== YOUR ASSIGNMENT ==
Retype only the lines from the top of the records to the line with "1x8 SC/UPC to", including that line but none of the pictures.

== PROVIDED MATERIAL ==
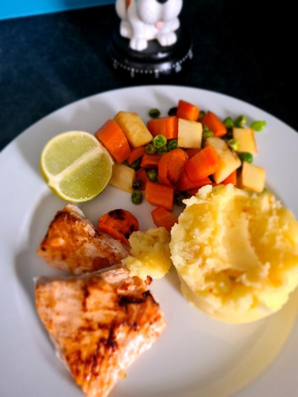 Gestern gab es mit Honig glasierten Lachs, Kartoffelpü mit Wasabi verfeinert dazu in Butter gedünstetes Wurzelgemüse
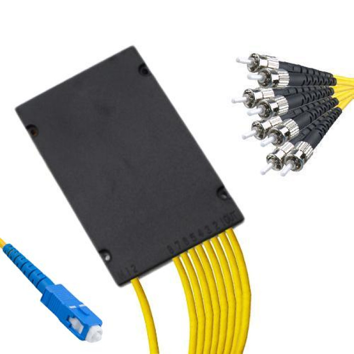 1x8 SC/UPC to ST/UPC Module PLC Splitter, Wavelength 1260nm ~ 1650nm, G657A 9/125 Singlemode, Cable Jacket 2.0mm, Length 1 Meter on Each Side by Default or Custom.
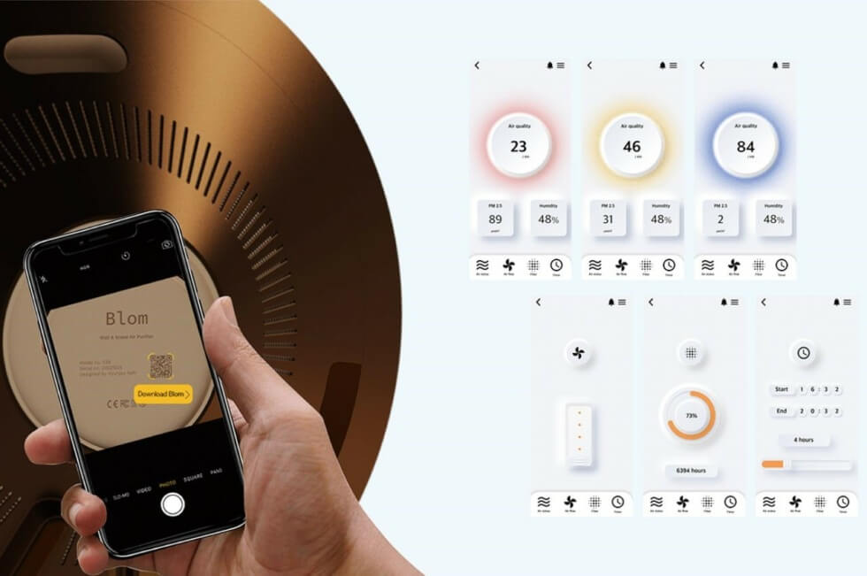 Moreover, this device boasts smart features to enhance its functionality. Users can register their item through a QR code found on the back of the purifier and operate it using an accompanying mobile application. Aside from cleaning the air, the BLOM Air Purifier also serve as a digital clock. This dual functionality makes it a great addition to any space, serving not just as an appliance but also a stylish timepiece.
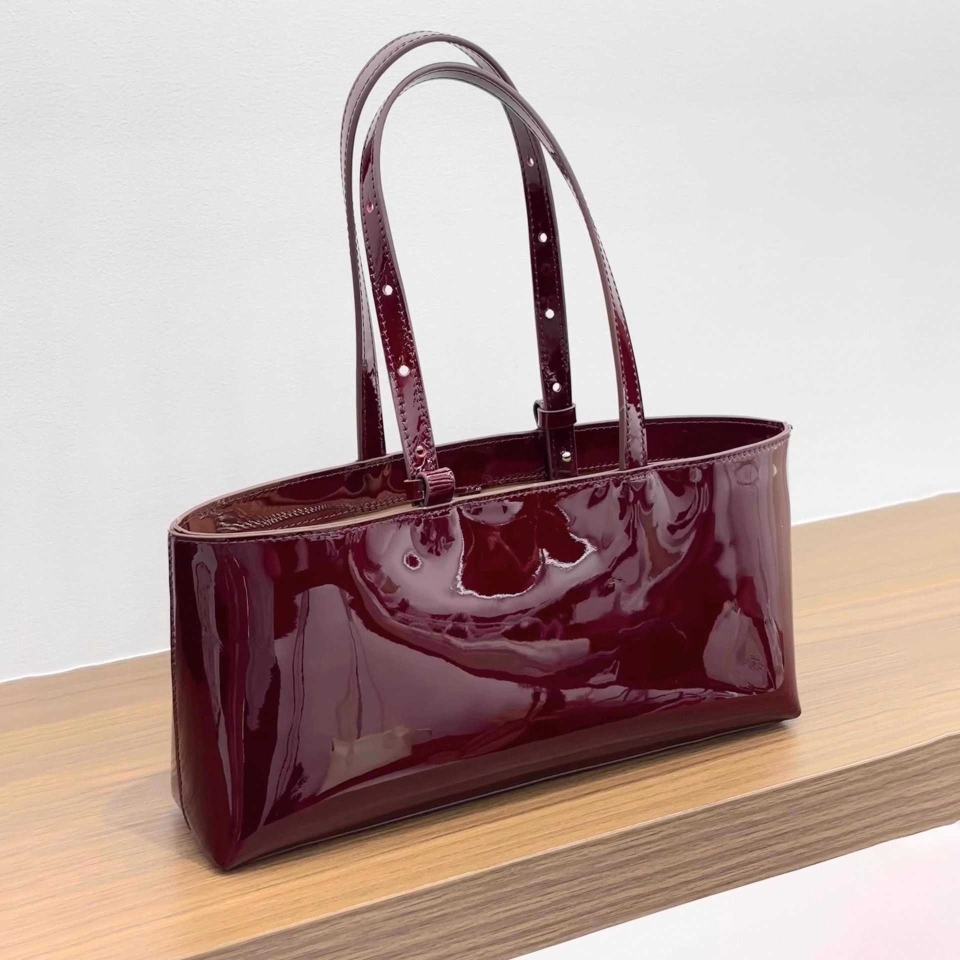 韓国風オープンエッジビーズレザーハンドバッグ小さなスクエアバッグ女性の多用途大容量パテントレザーショルダーハンドヘルド脇の下バッグ
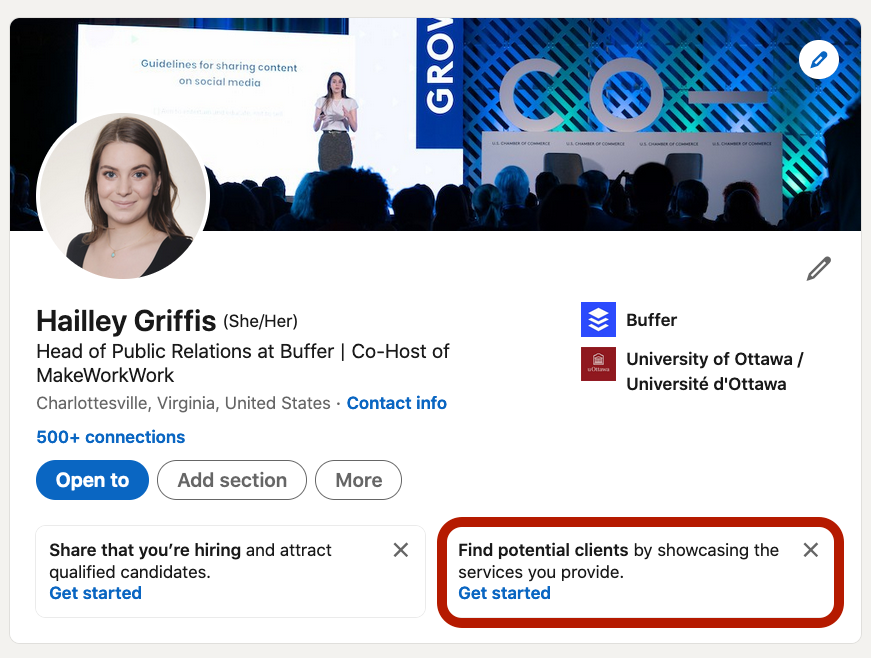 Or, if your company is a service provider, use this feature to find your next client! At the top of your profile page, click the “Find potential clients” box to add information about the services you offer and show up in the marketplace.

== RESPONSE AREA ==
 Gestern gab es mit Honig glasierten Lachs, Kartoffelpü mit Wasabi verfeinert dazu in Butter gedünstetes Wurzelgemüse
 1x8 SC/UPC to ST/UPC Module PLC Splitter, Wavelength 1260nm ~ 1650nm, G657A 9/125 Singlemode, Cable Jacket 2.0mm, Length 1 Meter on Each Side by Default or Custom.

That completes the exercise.